Israel Journal #17

by Pastor Patrick Cho

This morning, we had a chance to visit Bethsaida, another significant biblical town. In the Old Testament, this city was called Geshur. This is where Absalom fled after killing Amnon and avenging his sister Tamar (2 Sam. 13:37-38). We had a chance to walk into the ruins of the Old Testament city. Sadly, at the entrance to the gate, there were some standing stones and an altar to Baal.

In the New Testament section of Bethsaida, there were a couple very large homes. One belonged to a fisherman and the other to a winemaker. In the winemaker’s home, archaeologists discovered a wine cellar. It was odd to see a fisherman’s home in Bethsaida because the city is almost two miles from the Sea of Galilee. It would have been quite a chore walking down to the water, catching fish, and hauling the catch back home each day.

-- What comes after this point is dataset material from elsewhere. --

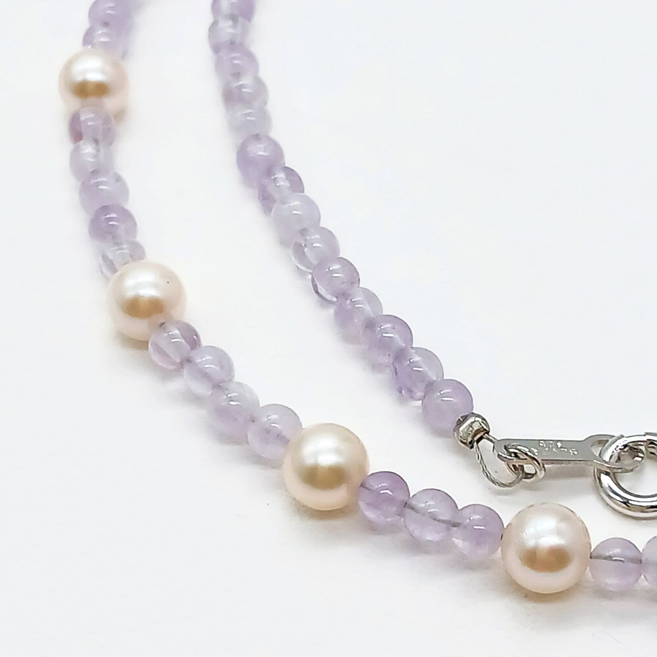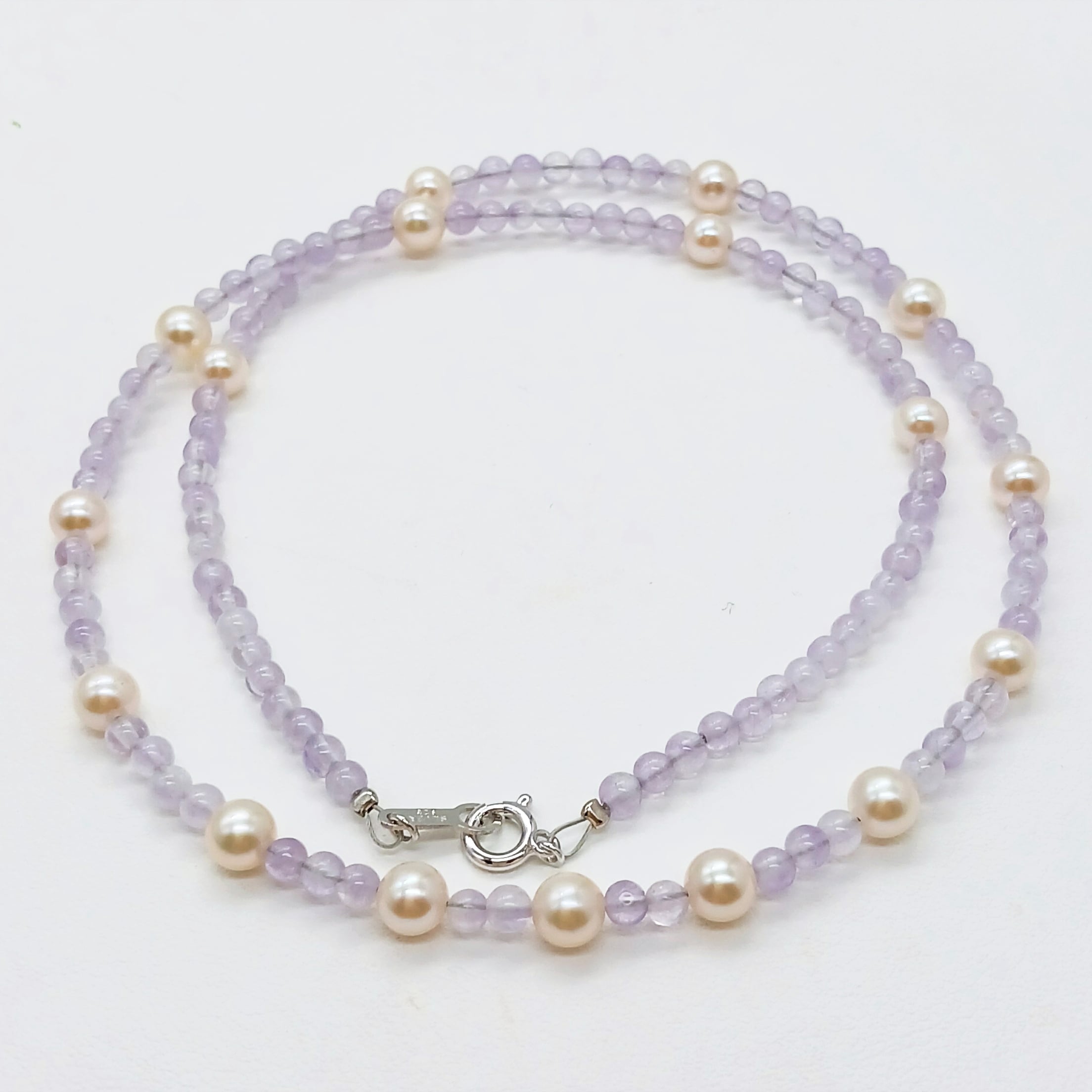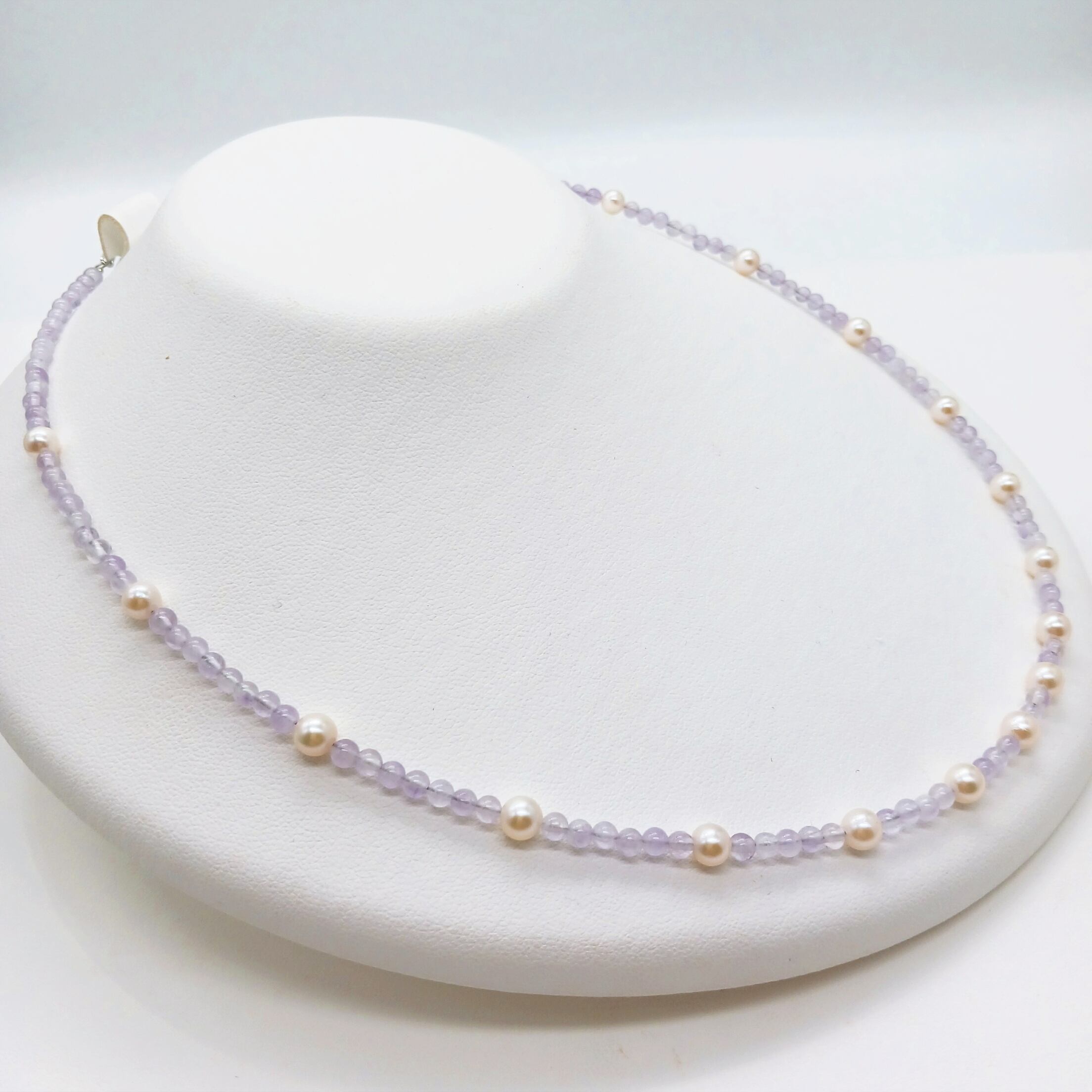 あこやベビー真珠とラベンダーアメジストのネックレス(商品番号15-897)

Bethsaida was originally the hometown of Peter and Andrew before they moved to Capernaum. It is feasible that they moved because Capernaum is right on the water and not two miles away. Besides, business would have been considerably better in Capernaum. Bethsaida is also the biblical location of the feeding of the 5000, but one of Jesus’ most interesting miracles took place in this city as well. In Mark 8:22-26, Jesus heals a blind man in two stages. At first, his sight was blurred but then he was healed completely. The text doesn’t explicitly say why Jesus did not immediately heal the man, but at the time there must have been a clear teaching point or reason.

From Bethsaida, we drove up to Hazor (pronounced “hot-sore”), which is another major city on the International Coastal Highway. Hazor is actually the largest uninhabited tel in Israel (almost 200 acres), and most of the city has not yet been excavated. There is a classic example of a four room Israelite house that was discovered along with an oil press with stone weights and basins. There was also a very impressive palace in the city. It was said that in ancient days, the Babylonian ambassador lived in this city, so it was a significant place.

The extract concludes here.